Reopened restaurants are finding it increasingly difficult to find workers:

Capacity restrictions and distancing requirements have drastically cut wages for workers like servers, who rely on tips to make up for an hourly wage at or near the federal tipped minimum of $2.13 in many parts of the country, prompting them to find better-paying work. Others shifted to better-paying jobs in fields that boomed while dining imploded, such as retail fulfillment, especially as companies like Amazon and Target pay or have raised hourly wages to $15.

The problem doesn’t just affect independent or higher-end establishments. Fast-food mega-chains like McDonald’s and Taco Bell are pushing to hire thousands of workers in an effort to reopen dining rooms, even holding drive-up spot interviews in parking lots.

More here.

If restaurants are beset by capacity restrictions and closures, impacting your tips, you may be reluctant to return.
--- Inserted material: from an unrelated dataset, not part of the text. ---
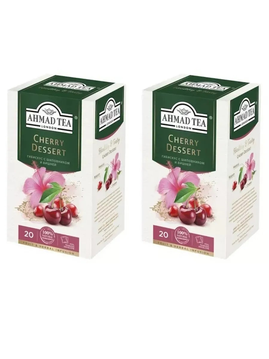 Ahmad tea, Чай травяной, Cherry dessert с вишней и шиповником. В комплекте 2 упаковки по 20 пакетиков. Это травяной чай с вишней и шиповником, со сладким вкусом вишни, шиповника, с легкой ноткой миндаля и кислинкой в послевкусии, светло-красным цветом настоя. Чай Cherry desser — это яркий букет вкусов лета, солнца и здоровья. Шиповник, называемый целебным апельсином Севера, обогащает организм витамином С и усиливает защитные качества иммунитета. Эта нежная композиция инфьюжен дает ароматный напиток с легкой кислинкой и вишневой сладостью.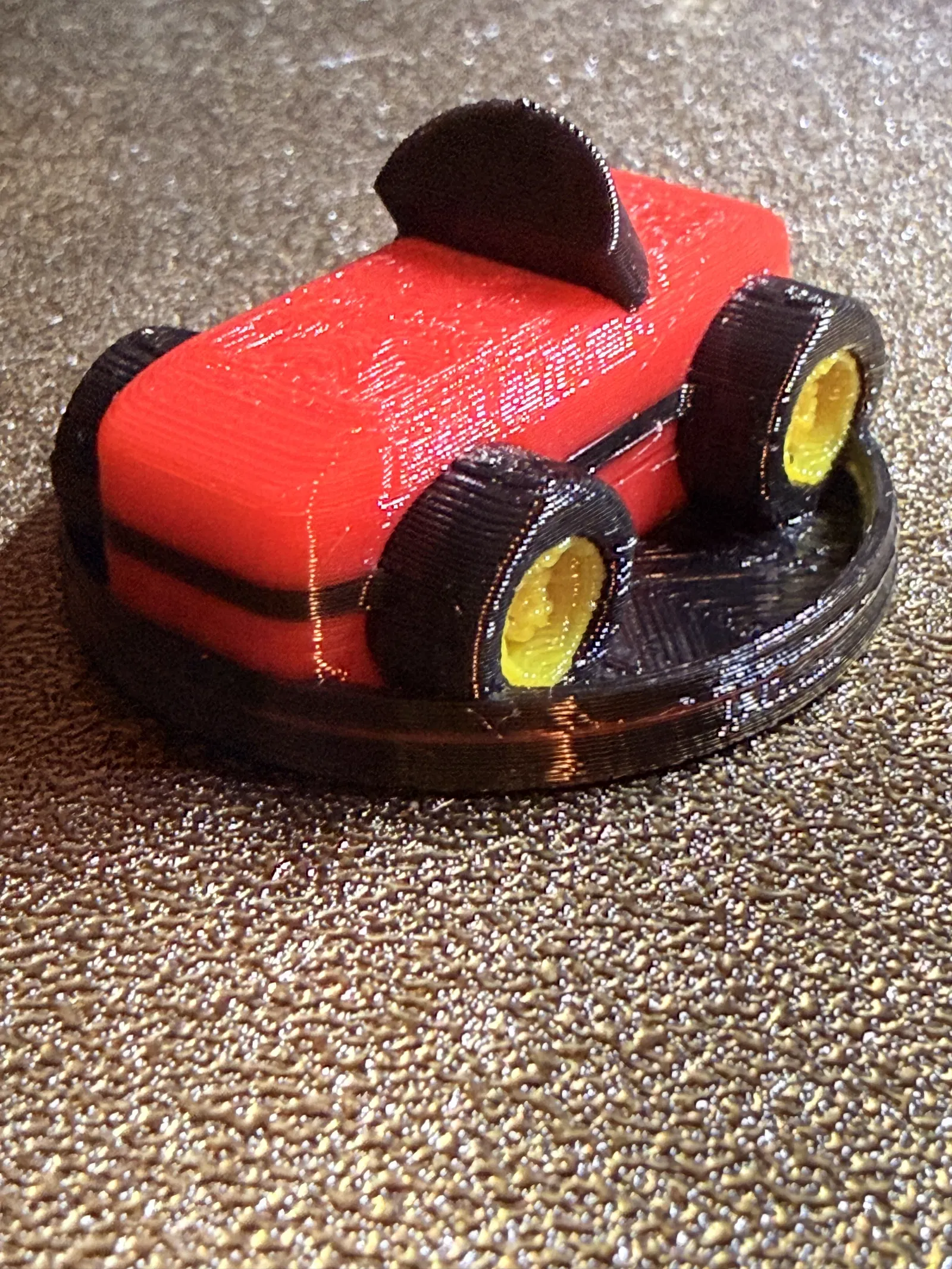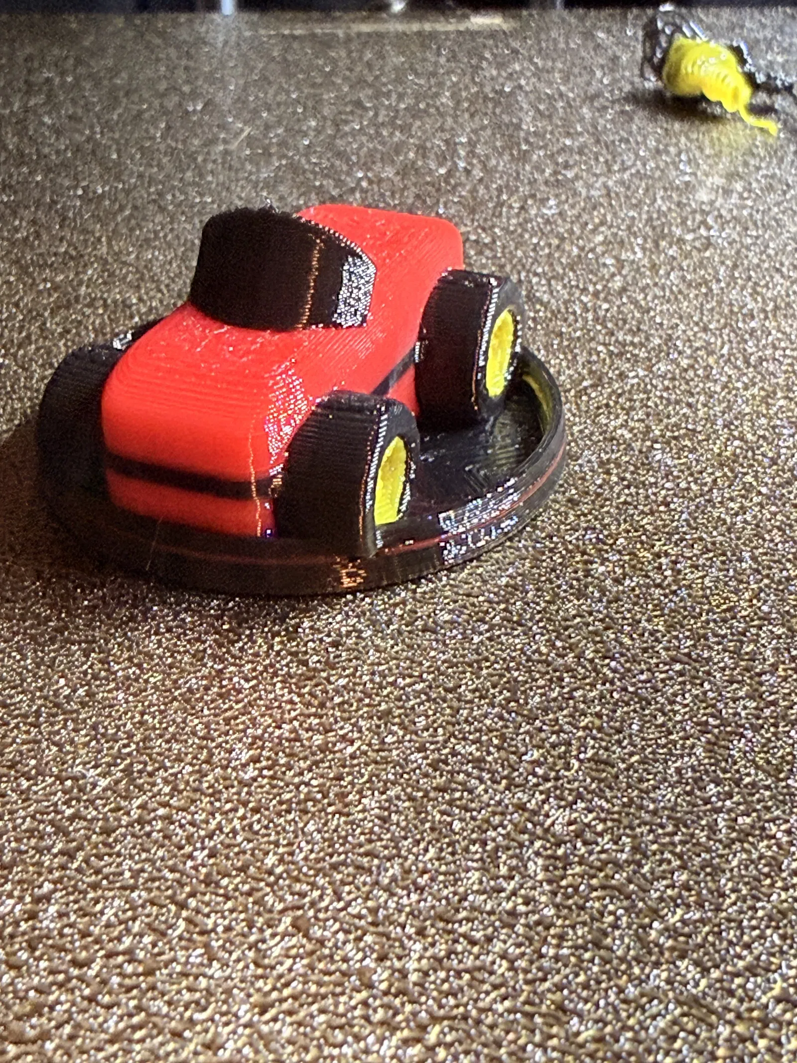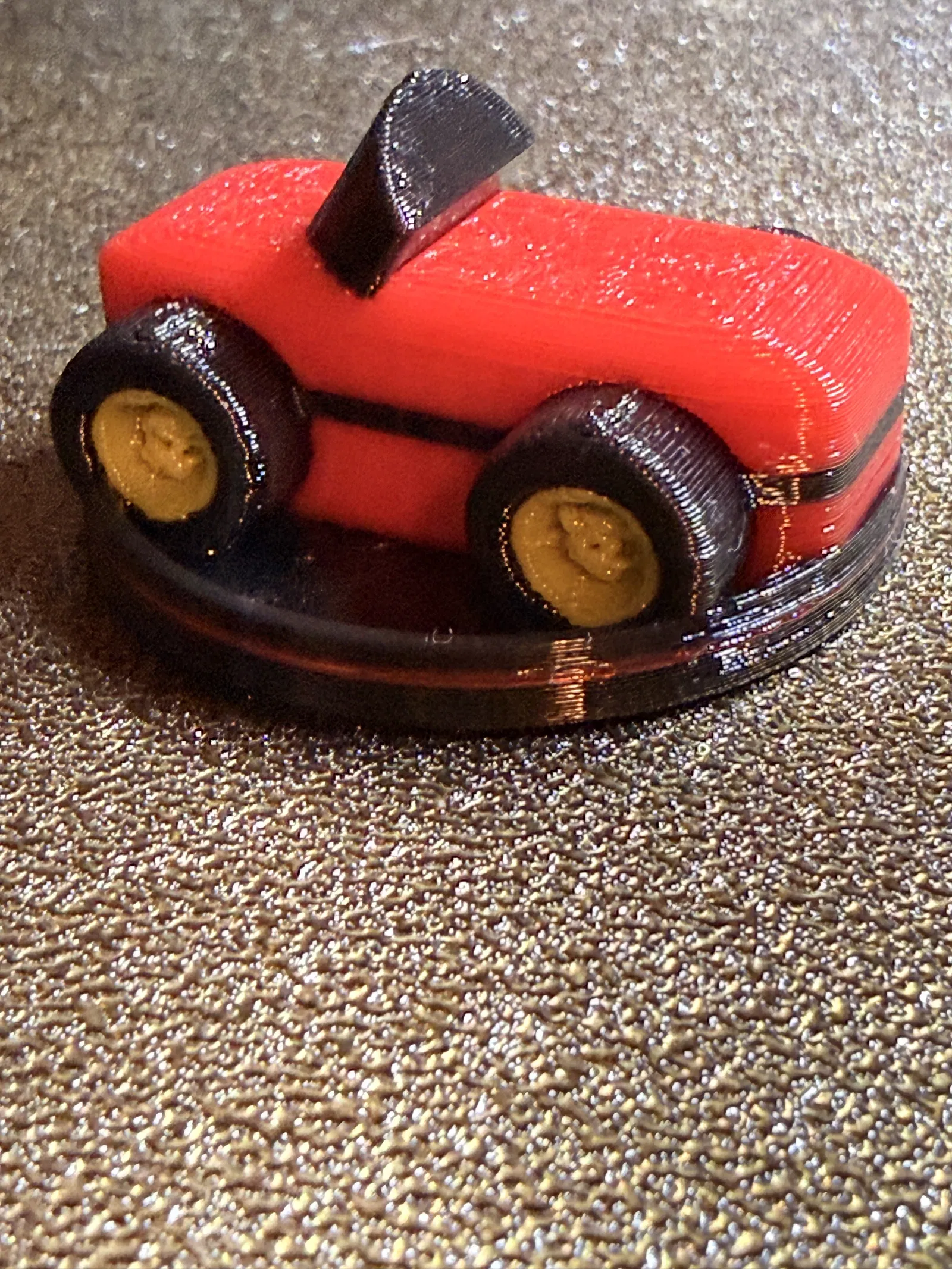 Mẫu xe Crash Derby Ah-Ha Racer, một phiên bản chỉnh sửa từ thiết kế 3D đầu tiên của tác giả dành cho game Crash Derby. Tác giả chia sẻ kinh nghiệm in ấn và gợi ý cải thiện chi tiết lốp xe.

Especially if you’ve left for a job at, for example, an Amazon fulfillment center, which is never subject to those restrictions and pays a predictable wage. You’re also far more likely to get benefits working for a major company than a small restaurant, which is particularly relevant in the middle of a health crisis.

With e-commerce growing rapidly, I see little incentive for restaurant workers to return. Perhaps the industry will wind up permanently smaller, more automated, or both.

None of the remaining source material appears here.